Brief » When you reach the line with "Contemporary seating accommodating" in the listing below, transcribe it and each line after it up to and including the line with "图为参赛队员正在进行攀登侦察。(王肸 李哲)", exactly and with nothing else.
--- Task material Enclosed Below ---
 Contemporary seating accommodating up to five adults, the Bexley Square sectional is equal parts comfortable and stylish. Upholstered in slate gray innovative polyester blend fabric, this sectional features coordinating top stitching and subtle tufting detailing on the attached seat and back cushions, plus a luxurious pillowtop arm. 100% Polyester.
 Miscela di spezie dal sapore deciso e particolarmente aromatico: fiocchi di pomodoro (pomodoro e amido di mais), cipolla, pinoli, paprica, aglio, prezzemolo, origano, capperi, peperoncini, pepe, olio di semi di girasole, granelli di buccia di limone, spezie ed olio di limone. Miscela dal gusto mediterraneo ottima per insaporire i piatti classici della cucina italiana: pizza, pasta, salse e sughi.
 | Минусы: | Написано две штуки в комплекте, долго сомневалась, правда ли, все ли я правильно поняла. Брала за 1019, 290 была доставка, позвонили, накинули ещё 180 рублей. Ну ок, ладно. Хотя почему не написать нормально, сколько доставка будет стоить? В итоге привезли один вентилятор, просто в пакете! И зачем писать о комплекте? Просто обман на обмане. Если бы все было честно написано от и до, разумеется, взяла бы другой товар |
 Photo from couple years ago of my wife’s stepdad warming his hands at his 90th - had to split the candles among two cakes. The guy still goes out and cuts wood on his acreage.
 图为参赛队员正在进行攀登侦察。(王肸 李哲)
--- End of Enclosed Task material ---
--- Task material Enclosed Below ---
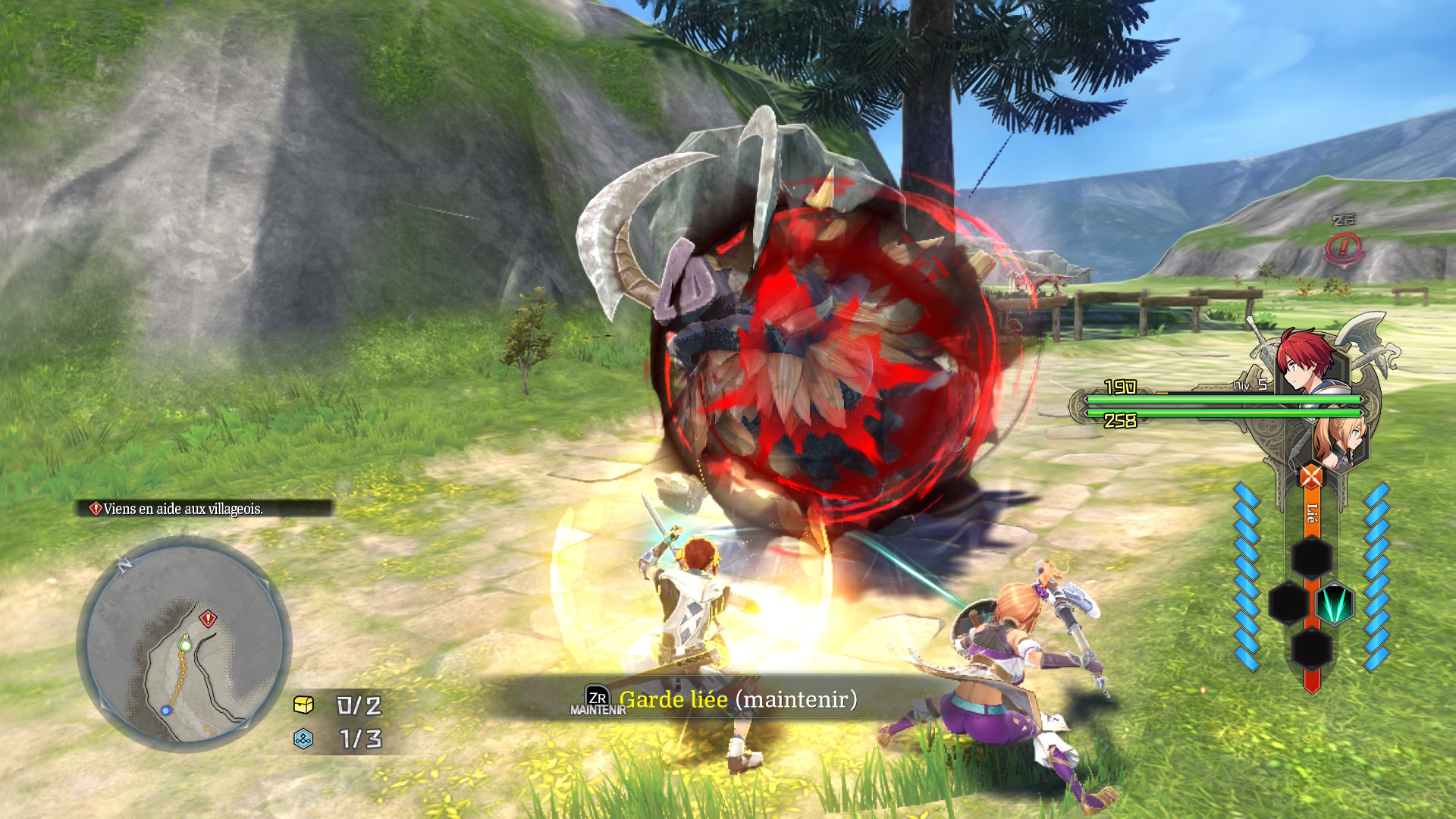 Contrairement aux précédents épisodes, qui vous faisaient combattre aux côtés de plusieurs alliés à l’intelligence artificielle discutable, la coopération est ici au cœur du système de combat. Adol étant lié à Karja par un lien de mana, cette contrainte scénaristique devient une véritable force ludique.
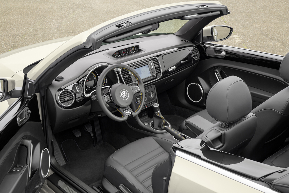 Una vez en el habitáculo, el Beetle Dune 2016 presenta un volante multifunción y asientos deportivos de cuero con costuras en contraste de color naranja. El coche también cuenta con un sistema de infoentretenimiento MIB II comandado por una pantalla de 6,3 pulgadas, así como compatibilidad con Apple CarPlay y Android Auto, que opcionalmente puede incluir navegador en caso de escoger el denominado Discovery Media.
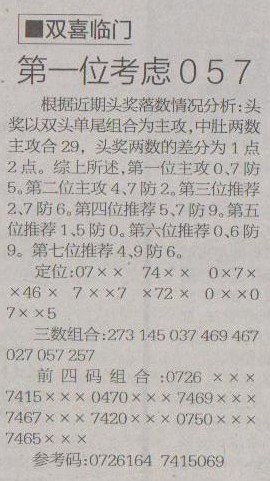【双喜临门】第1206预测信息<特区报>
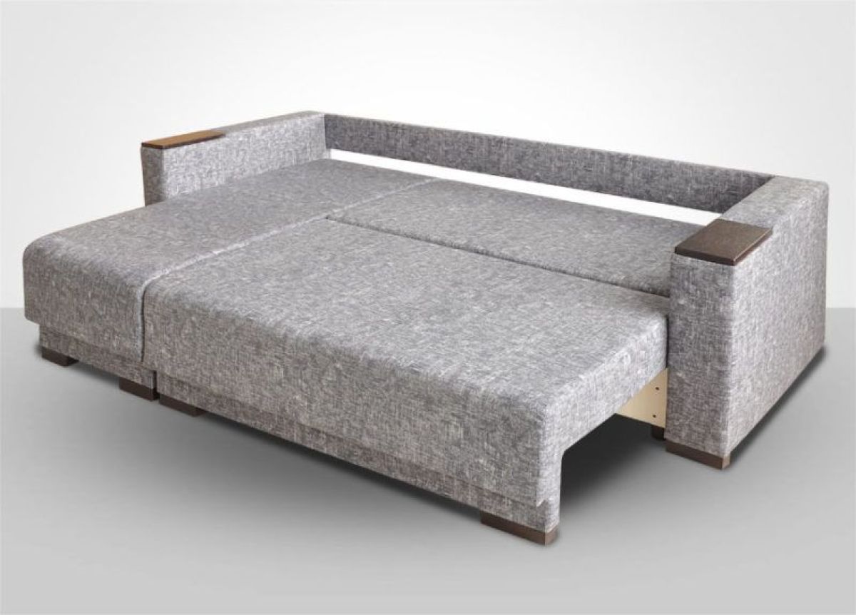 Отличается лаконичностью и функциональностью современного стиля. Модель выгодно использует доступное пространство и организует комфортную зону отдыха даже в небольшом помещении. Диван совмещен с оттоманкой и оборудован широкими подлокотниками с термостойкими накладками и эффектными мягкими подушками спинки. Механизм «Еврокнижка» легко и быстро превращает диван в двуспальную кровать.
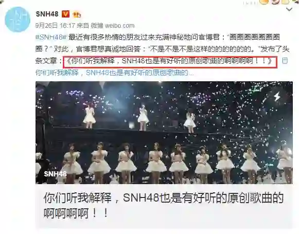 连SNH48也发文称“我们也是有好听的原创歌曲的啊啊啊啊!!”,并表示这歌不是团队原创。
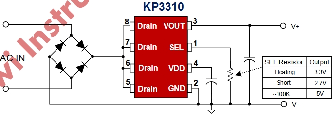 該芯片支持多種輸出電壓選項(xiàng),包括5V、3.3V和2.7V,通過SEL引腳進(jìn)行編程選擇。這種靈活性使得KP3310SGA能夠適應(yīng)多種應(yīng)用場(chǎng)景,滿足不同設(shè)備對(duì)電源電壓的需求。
--- End of Enclosed Task material ---
Exercise output »
 Contemporary seating accommodating up to five adults, the Bexley Square sectional is equal parts comfortable and stylish. Upholstered in slate gray innovative polyester blend fabric, this sectional features coordinating top stitching and subtle tufting detailing on the attached seat and back cushions, plus a luxurious pillowtop arm. 100% Polyester.
 Miscela di spezie dal sapore deciso e particolarmente aromatico: fiocchi di pomodoro (pomodoro e amido di mais), cipolla, pinoli, paprica, aglio, prezzemolo, origano, capperi, peperoncini, pepe, olio di semi di girasole, granelli di buccia di limone, spezie ed olio di limone. Miscela dal gusto mediterraneo ottima per insaporire i piatti classici della cucina italiana: pizza, pasta, salse e sughi.
 | Минусы: | Написано две штуки в комплекте, долго сомневалась, правда ли, все ли я правильно поняла. Брала за 1019, 290 была доставка, позвонили, накинули ещё 180 рублей. Ну ок, ладно. Хотя почему не написать нормально, сколько доставка будет стоить? В итоге привезли один вентилятор, просто в пакете! И зачем писать о комплекте? Просто обман на обмане. Если бы все было честно написано от и до, разумеется, взяла бы другой товар |
 Photo from couple years ago of my wife’s stepdad warming his hands at his 90th - had to split the candles among two cakes. The guy still goes out and cuts wood on his acreage.
 图为参赛队员正在进行攀登侦察。(王肸 李哲)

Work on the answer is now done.